In the meantime, in the immediate wake of the revelation that the Jordanian pilot held captive by the Islamic State, First Lt. Moaz al-Kasasbeh, had been burned alive, some senators pushed Carter to better define administration policy against the group. In recent weeks, the White House has deemphasized the focus on removing the Assad regime in Damascus in favor of defeating the Islamic State primarily from Iraq. That has angered administration critics who fear the White House is backing down from its pledge to push for regime change. Graham and McCain both pushed Carter to say that the administration was still intent on eliminating Syrian President Bashar-al Assad.
“The forces that we are supporting there have first and foremost the job of defeating ISIL,” Carter said. “But I believe they also need to be creating the conditions for the removal of Assad.”
That drew a sharp rebuke from McCain. “You didn’t respond,” McCain said. “The morality of that alone, much less the unworkability of it, I hope you rethink your answer to Senator Graham’s question,” McCain said. “This idiocy of cooperating with the Iranians, and taking ISIL first, of which Bashar al-Assad is the father, is nonsense, and as I say, immoral.”
The Republicans weren’t the only critics of Obama’s policies. Sen. Tim Kaine, D-Va., has expressed concerns about the White House’s pledge to keep ground forces out of the war – a central question to U.S. military policy in the Middle East. Obama has been adamant that “combat ground forces” not be included, even if others inside his administration, including Gen. Martin Dempsey, chairman of the Joint Chiefs of Staff, have hinted that ground forces to accompany Iraqi forces as trainers or to call in airstrikes could be needed.
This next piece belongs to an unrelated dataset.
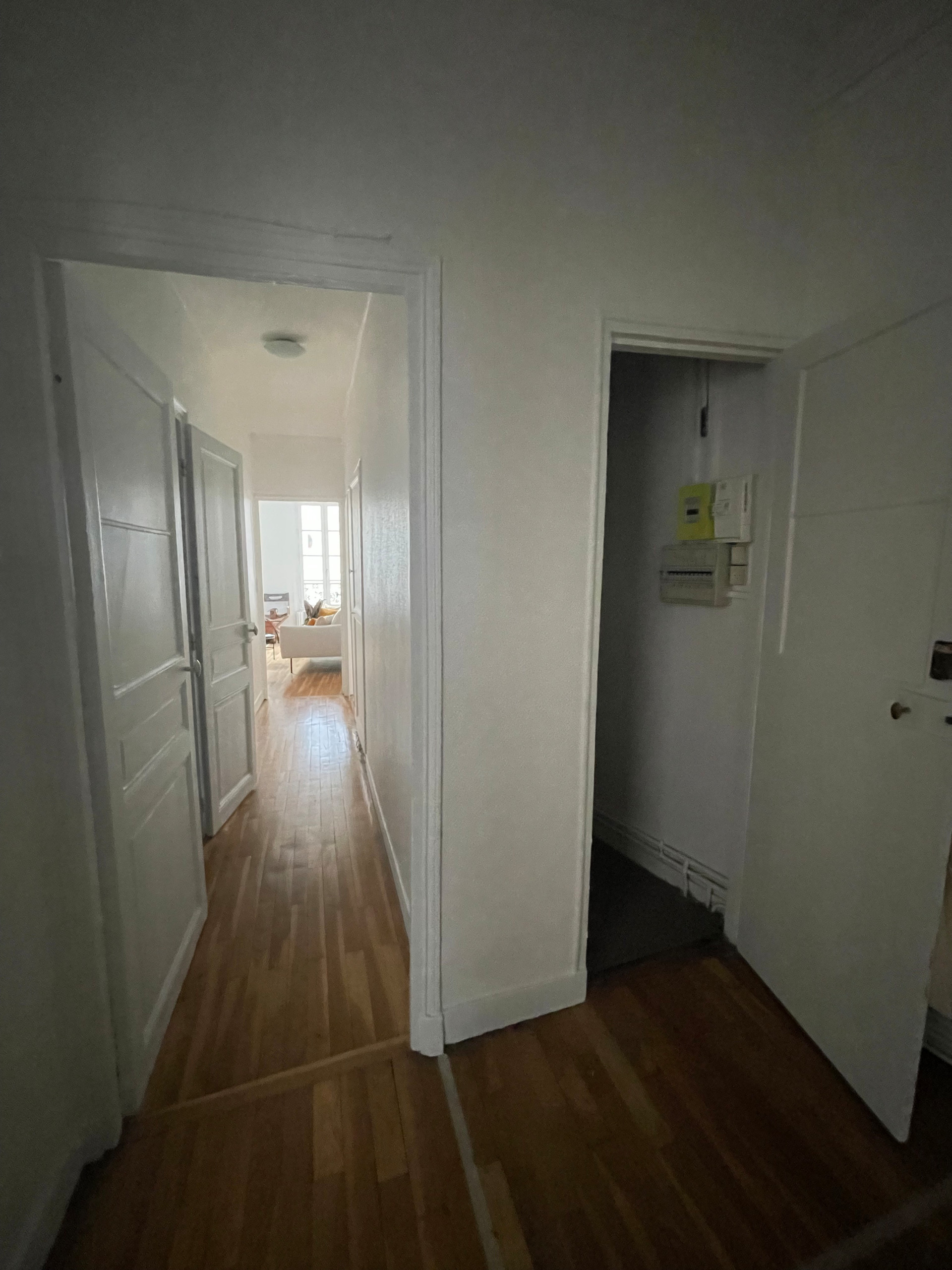 Avant. Le salon principal avant transformation. C’est vrai que l’on recommande traditionnellement de poser les lames de parquet dans le sens de la lumière. Mais ici, dans une pièce déjà très allongée, les lames fines accentuaient ce désagréable effet couloir. Or, les couloirs étaient déjà très présents.

Carter didn’t indicate that he was willing to go that far, but he left himself room to manage the war effort.
“Do you think it is possible for the United States military to eliminate ISIL on our own or even with other Western nations if the region doesn't go all in to combat the homegrown jihadism that is exemplified in its most brutal form by ISIL?” asked Kaine.
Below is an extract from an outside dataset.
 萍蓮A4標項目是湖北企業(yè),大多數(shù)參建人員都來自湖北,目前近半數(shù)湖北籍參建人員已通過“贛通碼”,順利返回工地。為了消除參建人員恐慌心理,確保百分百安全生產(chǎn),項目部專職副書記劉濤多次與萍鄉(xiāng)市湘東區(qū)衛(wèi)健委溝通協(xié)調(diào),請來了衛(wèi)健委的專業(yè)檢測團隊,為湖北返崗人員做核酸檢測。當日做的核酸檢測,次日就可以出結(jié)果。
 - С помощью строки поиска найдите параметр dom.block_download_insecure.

Carter employed a word he used throughout the hearing: that he was intent on creating a “lasting” effect on ISIL.
“We have to have regional partners because we have to make sure that the defeat inflicted upon ISIL is a lasting defeat. And for that, there needs to be a -- conditions created in the -- where ISIL is now occupying territory that don't make it a breeding ground for victory for that kind of in -- of -- what's the right word -- malignant and vicious kind of terrorism,” he said.
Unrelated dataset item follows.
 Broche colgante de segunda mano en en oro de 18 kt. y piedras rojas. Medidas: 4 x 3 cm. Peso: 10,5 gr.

The subtext of Wednesday’s hearing, however, was defined by the popular narrative in Washington that the White House micromanages national security policy at the Pentagon from across the Potomac River. It’s a charge made by former defense secretaries Robert Gates, Leon Panetta, and hinted at more recently by Defense Secretary Chuck Hagel, whose resignation was forced by the White House.
Tillis, the Republican from North Carolina, asked how Carter would handle the National Security Council. Without addressing the charge, Carter returned to the line he’s expected to use for the foreseeable future when asked about his relations with the White House.
“I intend to be what I've always been in all the decades I've worked in the Department of Defense, which is I'll be entirely straight and up front with the president and -- and make my advice as cogent and as useful to him in making his decisions as I possibly can,” he said.